As described in the Methods, two different resumes were used, after pre-testing as being equivalent. In order to identify whether this effect was due to the difference in presentation of the two resumes (e.g. line spacing on the resume judged as better was a bit larger, making it appear longer) I presented both resumes in a common format and ran another 50 participants, which found the same result. The data from this exploration is available as anonymized-followup.csv, and the analyses above can be run on that data.
Additionally, several of the models above suggest that the sex of the participant had a significant effect on the rating; men were harsher judges in general, and being rated by a man made a candidate significantly less likely to be recommended for hire, need a higher exam score, and be rated as less competent.

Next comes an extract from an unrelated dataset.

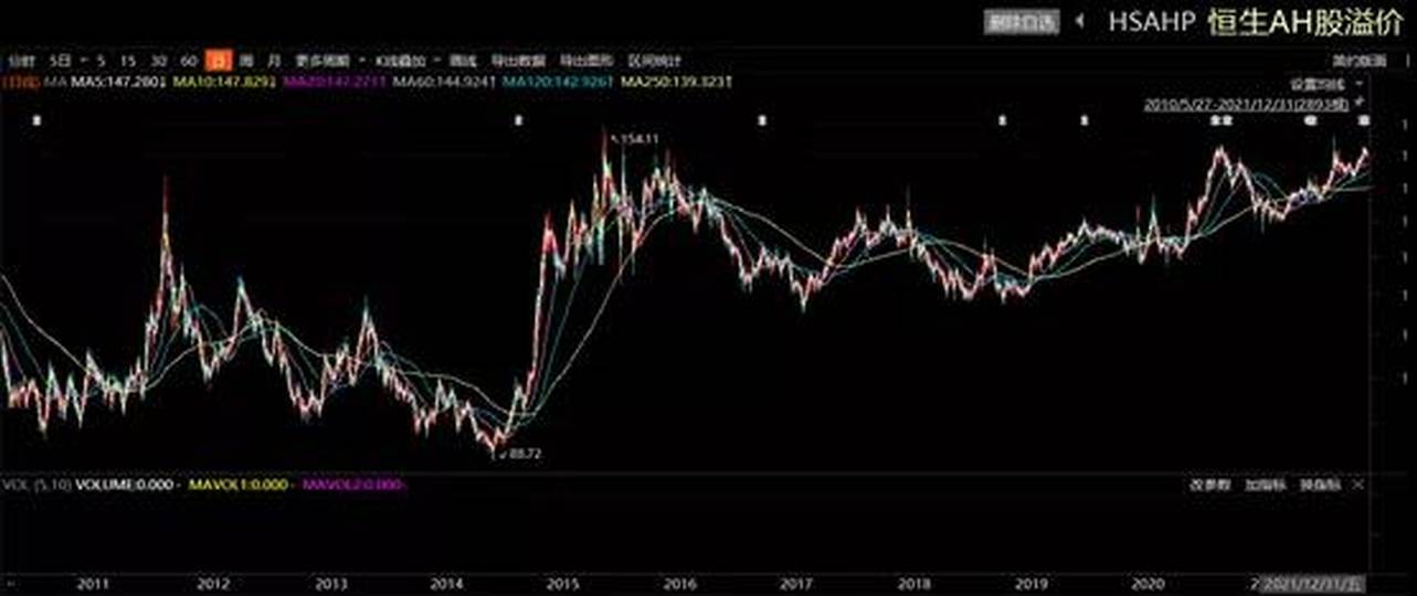 近十年AH股溢價最高點是2015年的「大水牛」時的154%,那時是A股漲太多了,而這一次是港股太「熊」了。
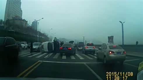 太有爱了 女司机失控翻车 众人出手相助

This replication attempt was partially successful. While the proportions recommended for management and hire do appear to be significantly different between mothers and nonmothers (with mothers being less likely to be recommended for management positions and for hire), the rest of the original study’s findings do not replicate. It is notable, however, that all measures are in the right direction (that is, mothers are rated more harshly as concluded by the original study).
The stronger effect seems to be that of the different resumes. While the resumes pre-tested in the original study as being equivalent on the study’s measures, this does not appear to be the case in my replication. Rather, one of the two resumes appears to be stronger overall. In a followup exploratory analysis, this is confirmed by putting both resumes in a uniform format, to control for the effect of the different interface.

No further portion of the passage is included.